Blavity: Across the diaspora, black people have used art as a form of healing and liberation. You touch on this through Ellison’s quote “I recognize no dichotomy between art and protest.” The use of language and reclaiming language through poetry is what I really love about the art form. Tell us about what brought you to poetry and how it has contributed to your personal sense of liberation.

Clint Smith: I’ve been writing for a long time, but began to take it seriously around 2008. It was the summer between my sophomore and junior year of college and I had an internship in New York City. While there one Friday evening, I visited the Nuyorican Poets Café which is one of the world’s most famous poetry venues on the lower east side of Manhattan. Once there, I was immediately blown away by what I heard. I was struck by the urgency and relevance of the work. I was struck by how so many artists got on stage and rejected the false premise that their politics should be absent from their art. It was an important moment for me, because at the time I was a disillusioned English major reading work that didn’t feel meaningful to me. Being at the Nuyorican jolted and rejuvenated my sense of what was possible in literature. To put it differently, It gave me an access point back into the literary landscape that had previously been missing. There was room, I realized, to tell the stories of those around me, to capture their voices and give them the opportunity to live on paper and breathe out in the world. For me, that’s what liberation looks like – stepping into your most authentic voice and refusing to acquiesce to dominant notions of what you’ve been told legitimacy looks like.

B: So much of Counting Descent, to me, reads as an ode to black boys and men who feel and face so much. In The protest novel responds to James Baldwin, you say, “This is protest against isolation, against loneliness, against thinking you’re the only one that experiencing the trauma that leaves a man full of cracks.”  Tell us more about why validation through books is vital?

CS: We’re constantly inundated with messages and images depicting black men as both the perpetrators of violence and victims of violence, but there is, as we know, so much more that exists in between those – so much that rarely gets celebrated, lifted up.
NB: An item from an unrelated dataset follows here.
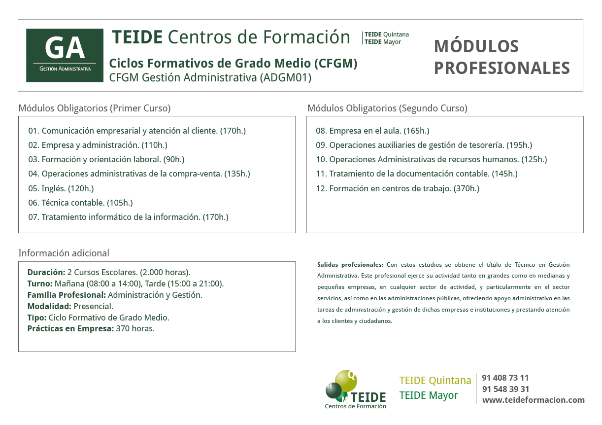 Podrá trabajar como auxiliar administrativo, ayudante de oficina, auxiliar administrativo de cobros y pagos, de gestión de personal, de las administraciones públicas, administrativo comercial, recepcionista, empleado de atención al cliente, de tesorería, de medios de pago, etc.

The book is thinking about how we hold both of those things at once. How do we both recognize the violence that black people experience while not becoming subsumed by that violence to the point where we don’t recognize all of the beauty that’s right in front of us.
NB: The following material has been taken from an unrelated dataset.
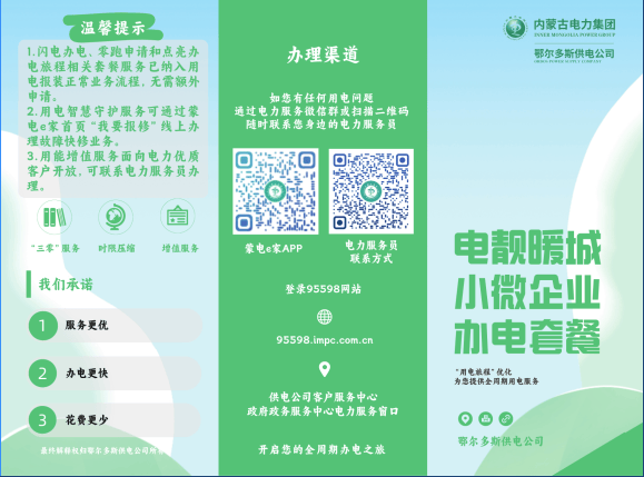供电服务关系千行百业,连着千家万户。一直以来,鄂尔多斯供电公司坚持以人民为中心的发展思想,践行人民电业为人民的企业宗旨,本次最新推出的“电靓暖城 小微企业办电套餐”与“晶硅光伏企业办电套餐”便是该公司始终以客户需求为导向,不断创新工作机制,优化电力营商环境、提升供电服务品质的重要举措。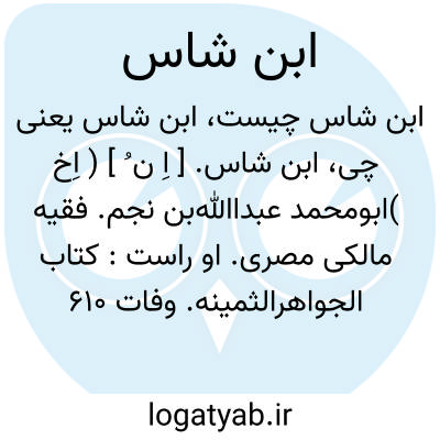 ابن شاس. [ اِ ن ُ ] ( اِخ )ابومحمد عبداﷲبن نجم. فقیه مالکی مصری. او راست: کتاب الجواهرالثمینه. وفات 610 هَ.ق. ( ابن خلکان ).

B: Similarly, The Art of Unlearning is one of my favorite poems of yours — so much of what education has taught me I’ve had to unlearn, which is why educators like you matter. Tell us about how transformative black visibility in curriculums can be for black youth.

CS: It can be everything. It’s impossible to quantify how essential it is for young black children to see the plurality of possibilities available for their lives. The more we can work to expose them to the diversity of ideas and experiences of those who share our diasporic lineage, the more they are able to open up their imaginations and understand the true scope of what’s possible for their lives.
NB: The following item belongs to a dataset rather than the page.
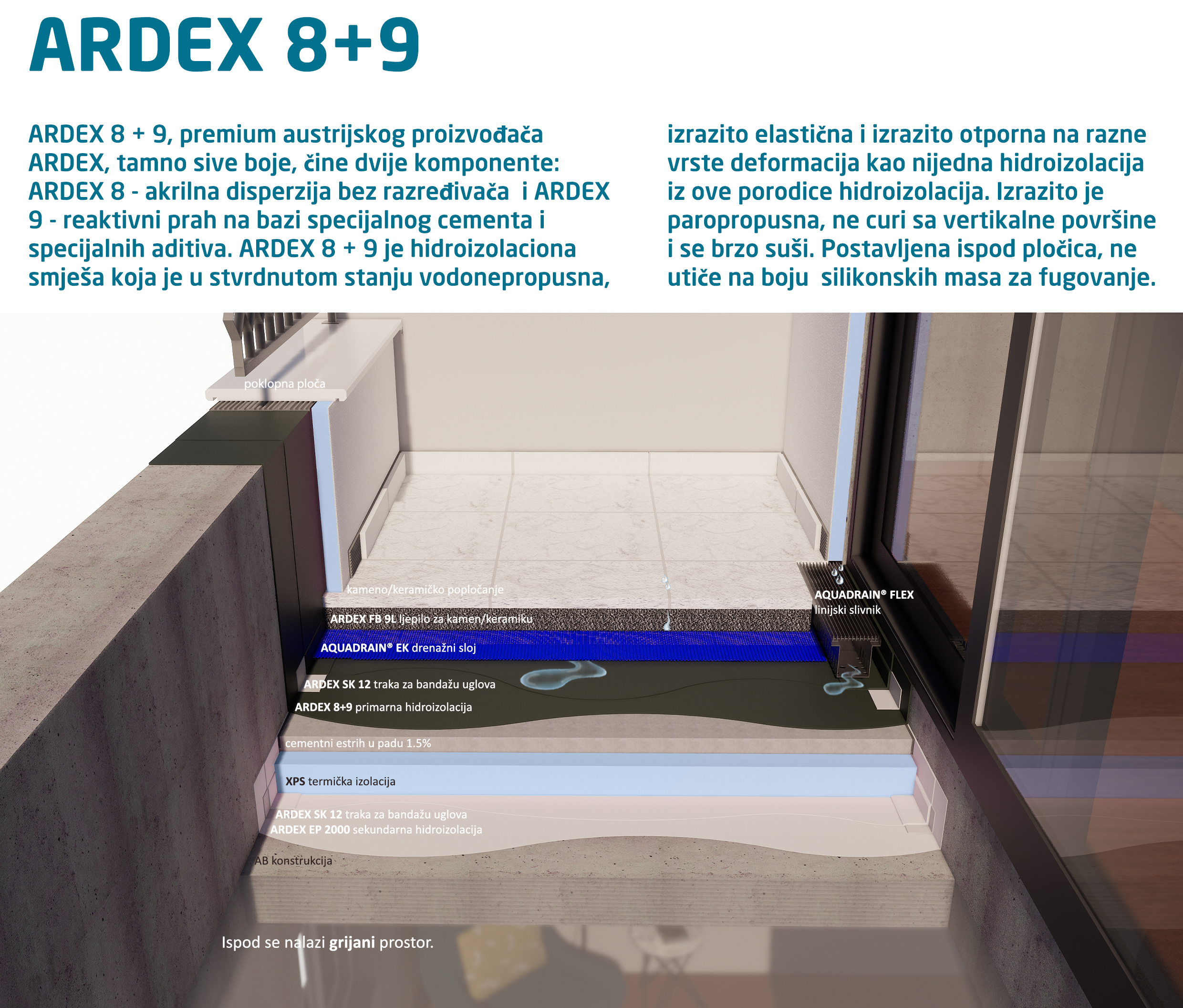 U download zoni možete pronaći detaljniji opis proizvoda ARDEX 8+9, ARDEX S7 PLUS, ARDEX S8 FLOW, WATEC® DRAIN KP+, AQUADRAIN® EP, AQUADRAIN® FLEX, kao i tehnički list proizvoda ARDEX EP 2000 na engleskom jeziku.

B: In How to Fight you say “teachers trained me to wield language as a tool and fist and weapon and warning to those who would rather make an outline of me.” Acknowledging that education (or lack thereof) has been used (and is still used) to disempower black people, what are your thoughts on the inextricable connection between literacy and empowerment?

CS: I always come back to the famous Baldwin passage where he says: “You think your pain and your heartbreak are unprecedented in the history of the world, but then you read. It was books that taught me that the things that tormented me most were the very things that connected me with all the people who were alive, or who had ever been alive.” I just think that’s so true and captures the essence and purpose of literature so acutely. Reading has both empowers and disabuses; it affirms and it rejects; it illuminates and it reminds. It is one of the most important means by which we come to understand who we are in the world, and why the world exists the way that it does.

B: My heart has been heavy since November 9th. This election means so much for us, symbolically, politically and economically. What are your thoughts on the implications this election has on the education system, especially for black youth?

CS: This election has illuminated all that has been quietly festering beneath the surface for a long time. The mistake, however, is that people misunderstood that it wasn’t something that existed deep beneath the surface, in fact it was right under the top soil. In America, we have an astonishingly limited social memory, which means we don’t grapple with the full scope of our history and its implications. My hope is that we recommit ourselves to understanding the untold parts of our history so that we can better understand the moment we find ourselves in now.